Horta grew up in Michoacan, where, he says, a male relative sexually abused him from when he was 6 years old into his late teens. Schoolmates threw him into barbed wire when he was 7, and when he had the courage to come out at 15, his father chased him from the house, firing shots at his feet, screaming, “I don’t want fags in my house.”

As a teen, Horta worked as a prostitute in a Mexican bar with female sex workers. He believes God protected him from contracting AIDS. Horta cared for his dying mother, who had hepatitis. After she died, he crossed the border into the United States, only to end up homeless and begging for food. In Denver, he met a bisexual man who took him to Ogden in 2006, then abandoned him on the street when he returned to his wife.

Horta found work as a waiter in a Mexican restaurant in West Valley City and made enough money to rent an apartment and get a car. But he was haunted by his childhood abuse, couldn’t sleep at night and constantly cried. Juan took him to a Hispanic nonprofit where, Horta says, a volunteer therapist worked with him to overcome his traumatic childhood and the guilt he felt at believing he had “provoked people to abuse me.”

In comparison to Horta’s cadaverous appearance when Juan first met him, now Horta has an expressive face lit with wide, life-bright brown eyes and works two apartment-maintenance jobs six to seven days of the week.

Diana, a slender transgender woman in a low-cut, yellow blouse describes in a husky voice fleeing a similar life to Horta’s, one of poverty, brutality and discrimination in Mexico, while her tears fall almost unnoticed onto her blouse.
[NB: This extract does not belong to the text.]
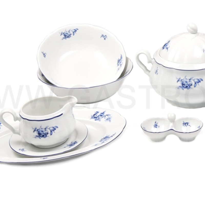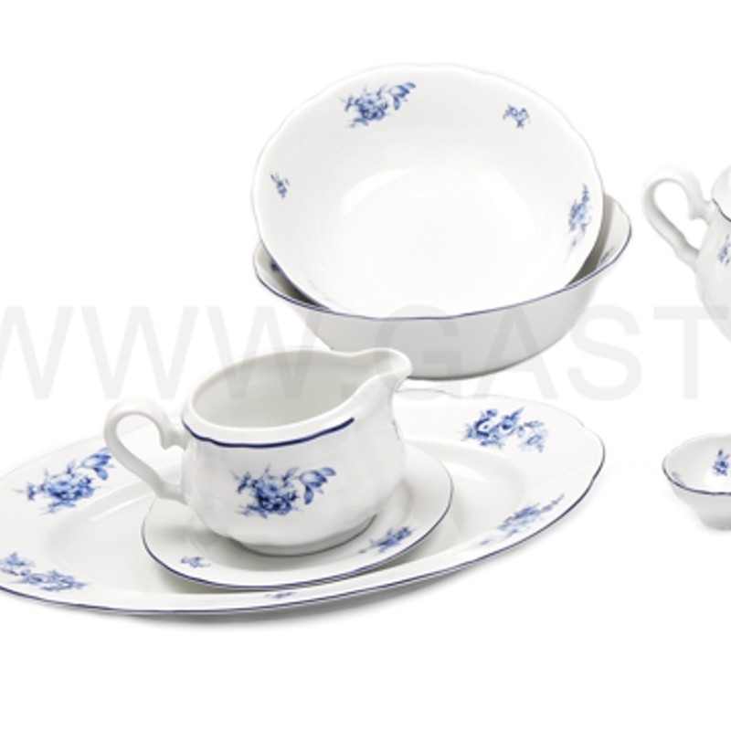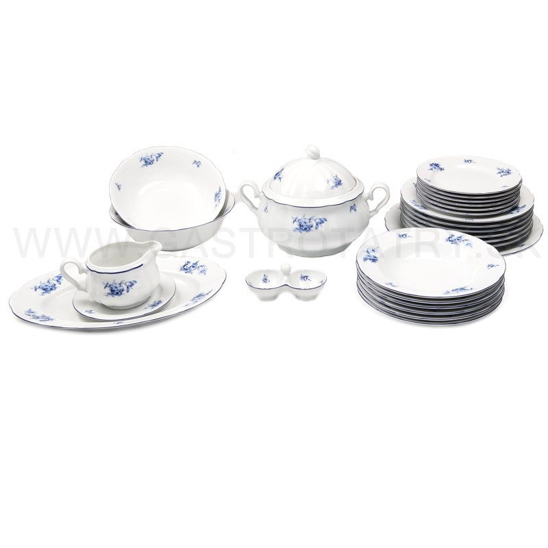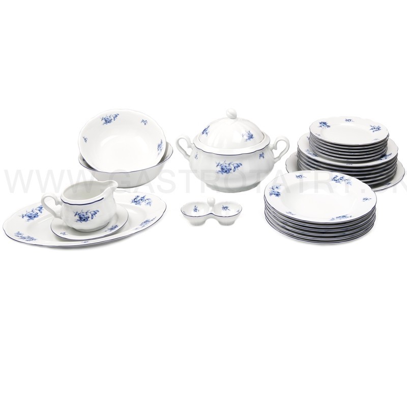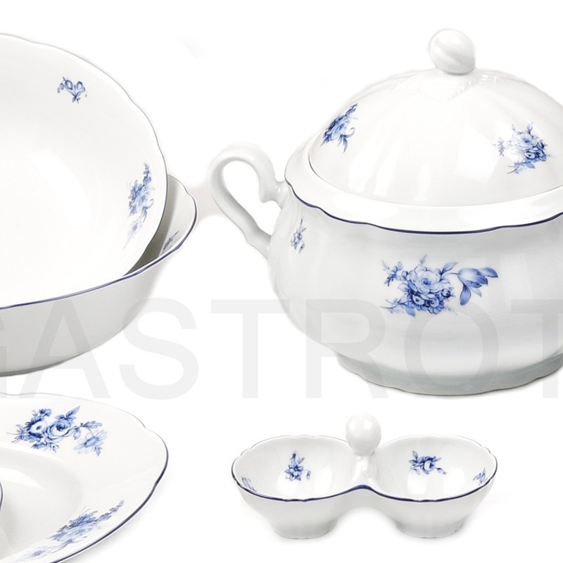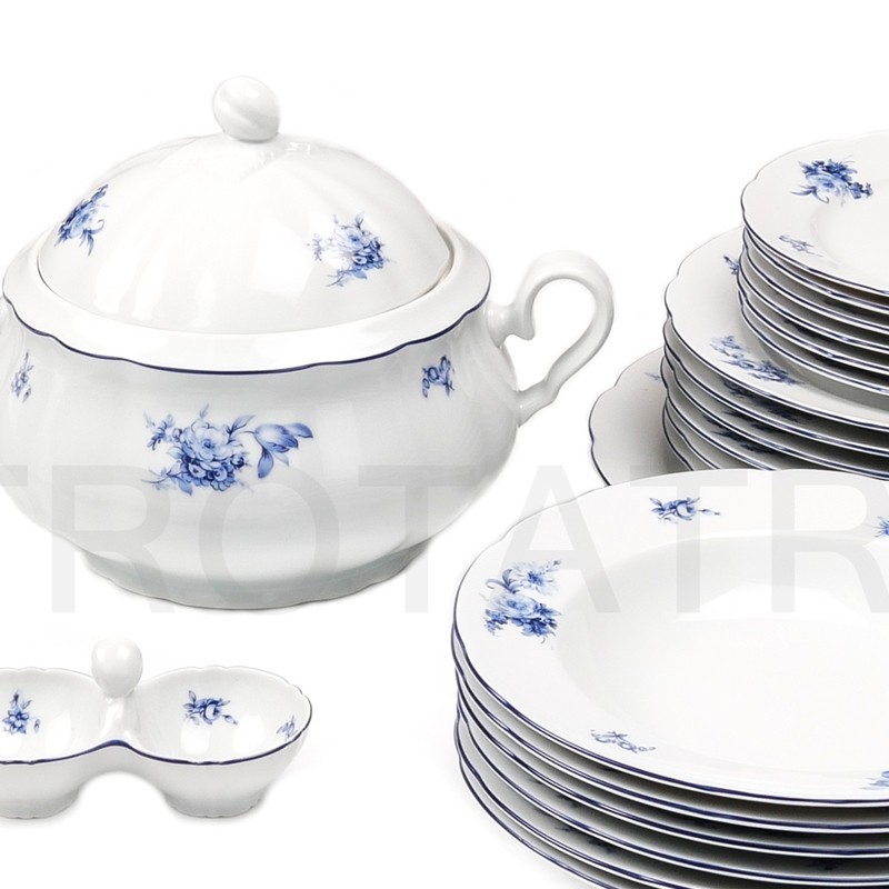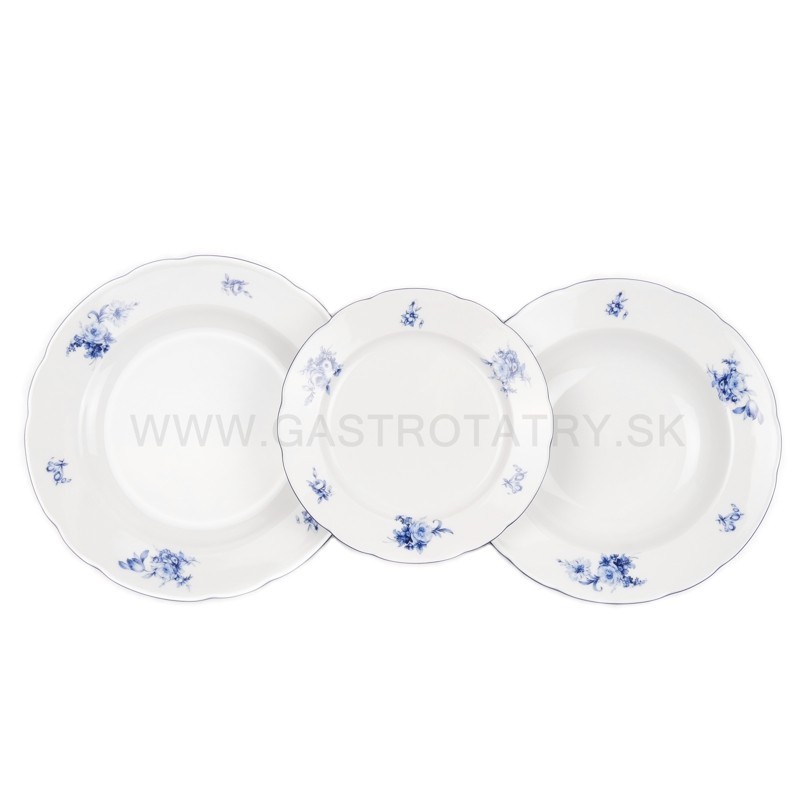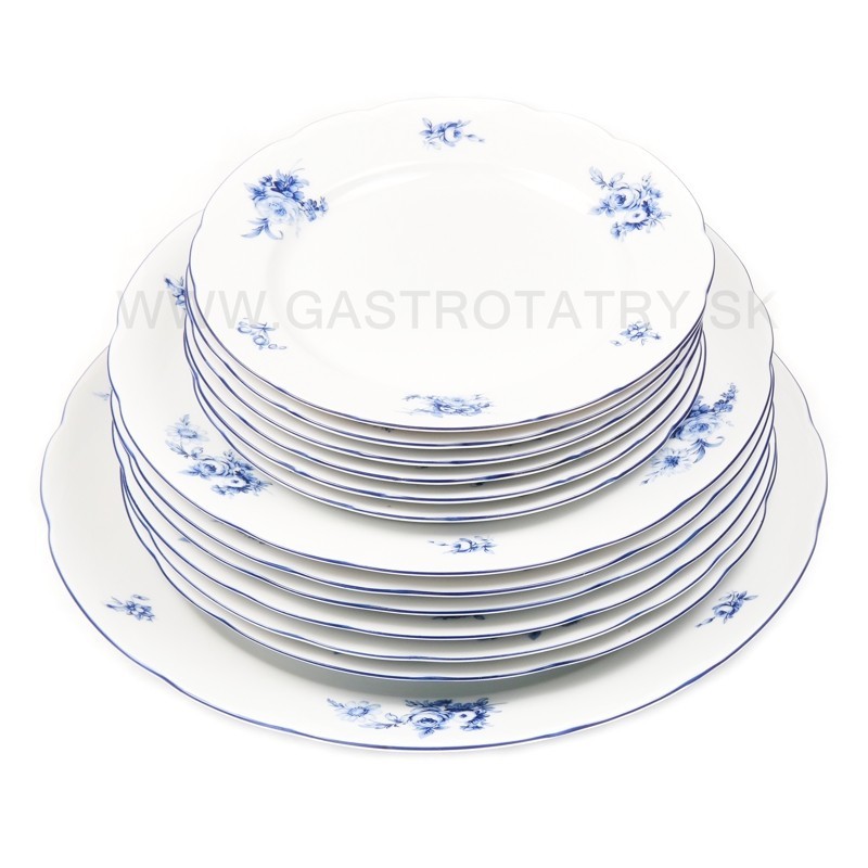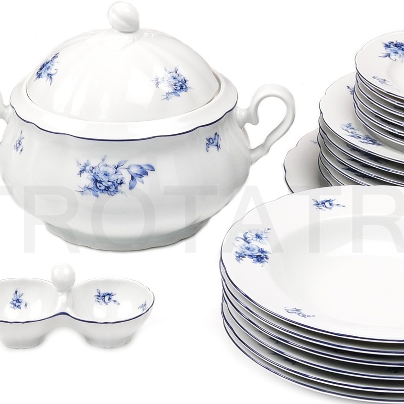 Karlovarský porcelán Rose modrý kvet+ modrá linka obedová súprava 27 D

She was her parents’ only boy, and her seven sisters routinely punished her for her feminine walk and mannerisms. When she was 11, a neighbor raped her. Several months later, bleeding anally from an infection, her father and one of her sisters abandoned her at a hospital for four days, where a doctor diagnosed her as having gonorrhea.

When she was 21, she and her male partner hired a coyote—Spanish for guide—to take them across the border to the United States. The coyote, however, she says, tried to abandon her in the desert because she was transgender.

In the Mexican town Diana grew up in, definitions of alternative sexual orientation were “only gay, gay, gay,” she says. Through counseling at Hermanos de Luna y Sol in 2006, “I began to see what I wanted.” She worked as a hair stylist to afford breast implants and is now saving for gender-reassignment surgery.

Diana has struggled with discrimination in Salt Lake City. Some Latino clients reject her as a “joto,” Mexican slang for gay, and refuse to let her cut their hair.